Holding hands

Saturday, February 13, 2010

When Your Child Is In Charge

When our children talk back, have an attitude or act like they are in charge by being demanding or defiant, it is easy as a parent to want to prove we are the adult and to demand respect by attempting to control our child’s behavior. Often we resort to threatening, punishing or demanding that our child may not speak to us “like that!” It’s an “I’ll show you who’s boss” approach.

It’s ironic then, that in our attempt to be the adult from this authoritarian place, we are in a strange way actually giving more power to our child. We are reacting to the situation as if it’s a battle between us and our child. The only option that leaves us is to WIN.

A key misunderstanding in this approach is our interpretation that our child's behavior is something they are doing TO us. Taking this a step further, it defines our "adultness" by our ability to control our child and makes the child our reference point.

I agree that we need to be the adult with our children, and that children need to learn respect. The real question is HOW we are to be the adult. Sometimes we attribute to young children a deliberate desire to be in charge, as if that could actually feel secure to them. If you think about that rationally it’s a little crazy, isn’t it? What I am asking you to try on is this idea: We, as parents, step into our adultness by modeling leadership rather than needing to win.

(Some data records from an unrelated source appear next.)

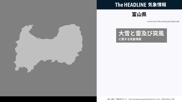 1月25日9時51分、富山地方気象台は、富山県に発表されている警報・注意報の経過、予測、防災上の留意点などを解説するために発表していた気象情報を更新した。
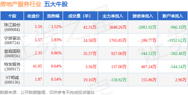 个股表现方面,房地产服务行业当日领涨股为珠江股份(600684),该股当日报收5.59,上涨3.52%,成交量42.31万,主力资金净流入3048.26万元。宁波富达(600724)以上涨1.83%紧随其后,该股当日成交量24.58万,主力资金净流入1765.85万元。除此之外,皇庭国际(000056)、特发服务(300917)、ST明诚(600136)均进入当日牛股之列。具体个股列表见下表:
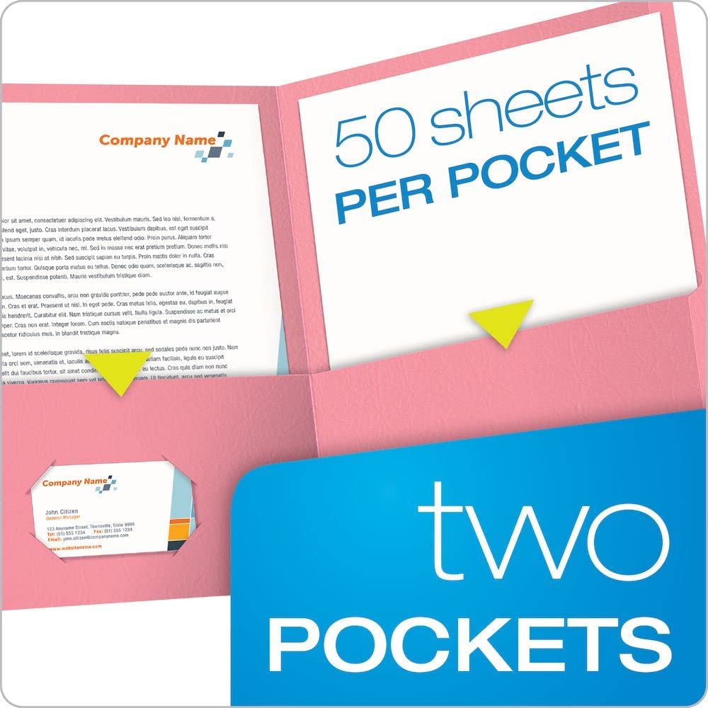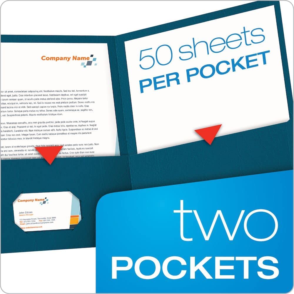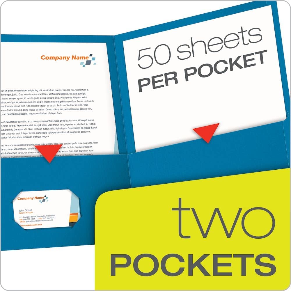 • PRESENTATION READY: Whether you’re creating conference handouts or volunteer packets, these twin-pocket folders hold up to 50 sheets in each pocket with space for a business card
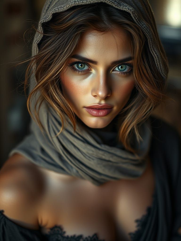 A hyper-realistic portrait of a beautiful woman with light hazel eyes and natural skin texture, captured with cinematic lighting and sharp focus for a lifelike appearance.
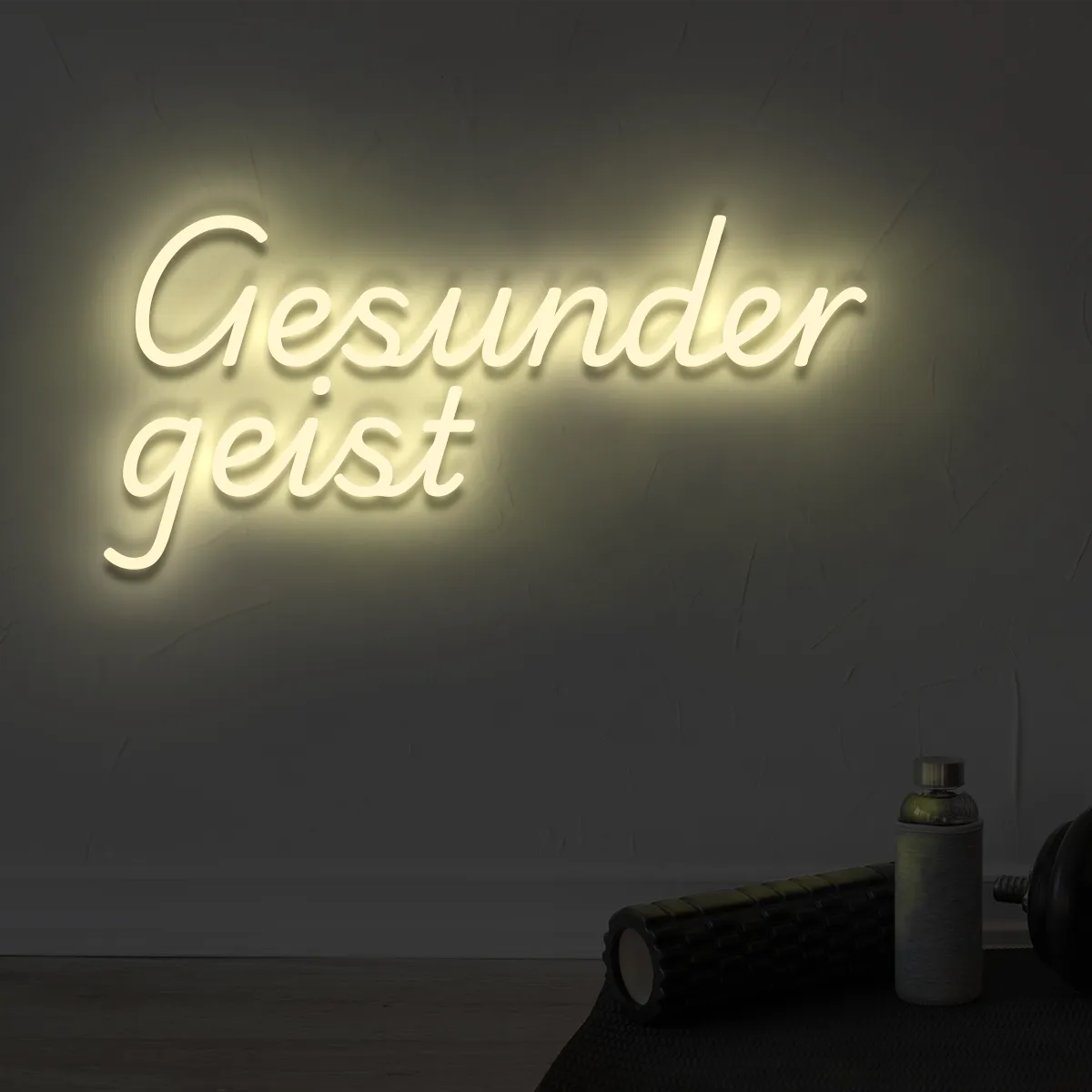 Der Neon-Schriftzug „Gesunder Geist“ erinnert an die Balance zwischen Körper und Seele. Ideal für Fitnessstudios, Yogastudios, Büros oder Homeoffices – er schafft eine Atmosphäre von Klarheit und innerer Ruhe. Das sanfte Licht erfrischt den Raum und inspiriert zu Achtsamkeit.
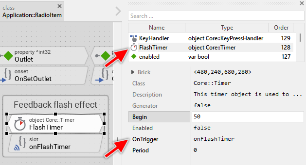 The property OnSelect can refer to a slot method, which will receive a signal as soon as the user has selected the radio item. Thereupon the method's logic will be executed. |

We step into being the adult when we take responsibility as the adult for our children by understanding that when our children are trying to be in charge, what they are craving and what they need is leadership, not control.

We begin to model leadership by learning to manage our own reactivity when our children push our buttons: to pause, breath, notice how we feel and then respond with presence and lead our children to the feeling of safety and connection they need and can't get to on their own in that moment.